- [Material provided]
━━━━━━━━━━

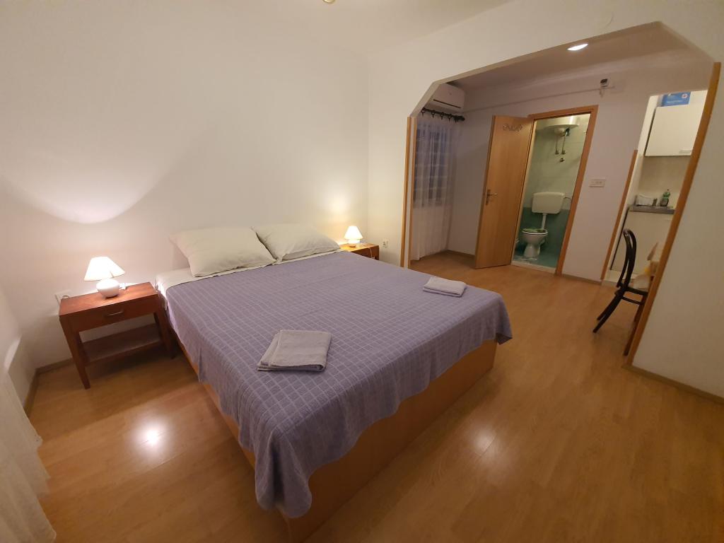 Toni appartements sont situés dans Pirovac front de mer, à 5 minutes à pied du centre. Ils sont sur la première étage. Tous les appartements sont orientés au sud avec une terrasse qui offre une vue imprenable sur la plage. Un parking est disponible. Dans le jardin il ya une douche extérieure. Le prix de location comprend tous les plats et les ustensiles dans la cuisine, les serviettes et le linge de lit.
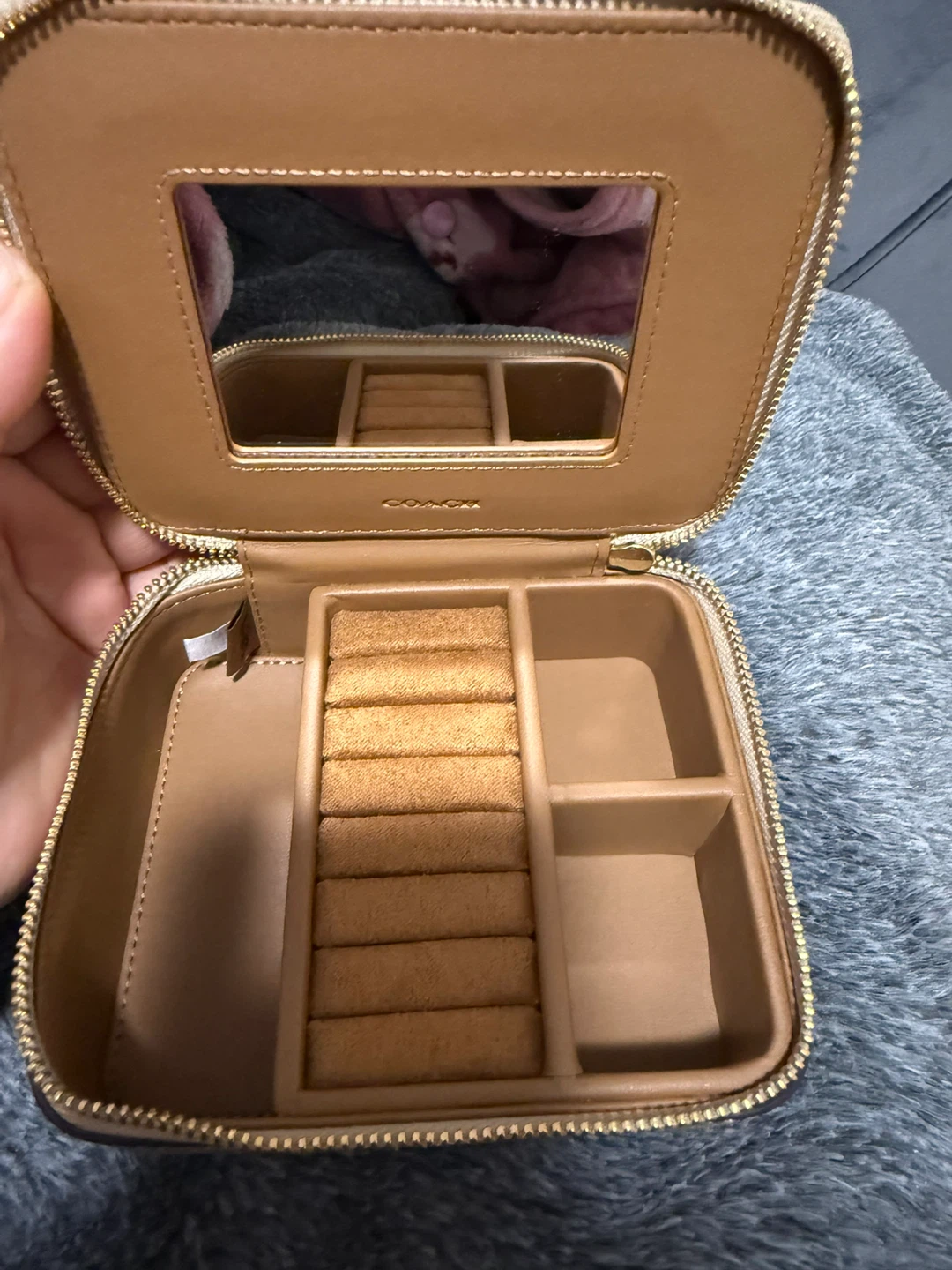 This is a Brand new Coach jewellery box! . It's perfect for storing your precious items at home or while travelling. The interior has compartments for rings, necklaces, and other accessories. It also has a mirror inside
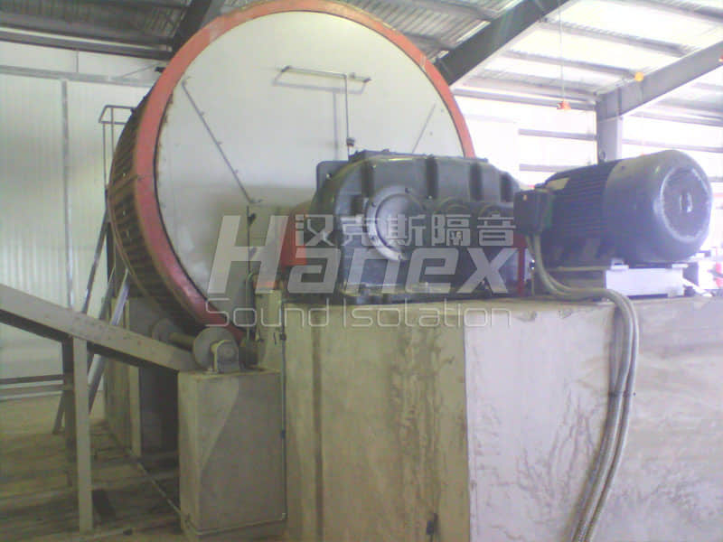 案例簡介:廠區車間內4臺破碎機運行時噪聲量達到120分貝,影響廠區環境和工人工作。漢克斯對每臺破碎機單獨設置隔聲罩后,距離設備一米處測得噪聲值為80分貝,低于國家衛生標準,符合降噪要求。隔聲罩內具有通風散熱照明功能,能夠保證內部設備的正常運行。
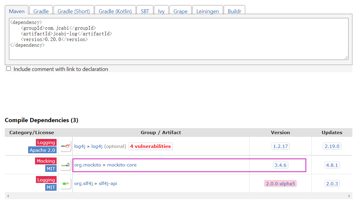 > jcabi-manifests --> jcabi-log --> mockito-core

━━━━━━━━━━

- [What is required] From the line that contains "案例簡介:廠區車間內4臺破碎" to the final line of the material, write out each line exactly. Pictures stay out.

- [Response to the exercise]
 案例簡介:廠區車間內4臺破碎機運行時噪聲量達到120分貝,影響廠區環境和工人工作。漢克斯對每臺破碎機單獨設置隔聲罩后,距離設備一米處測得噪聲值為80分貝,低于國家衛生標準,符合降噪要求。隔聲罩內具有通風散熱照明功能,能夠保證內部設備的正常運行。
 > jcabi-manifests --> jcabi-log --> mockito-core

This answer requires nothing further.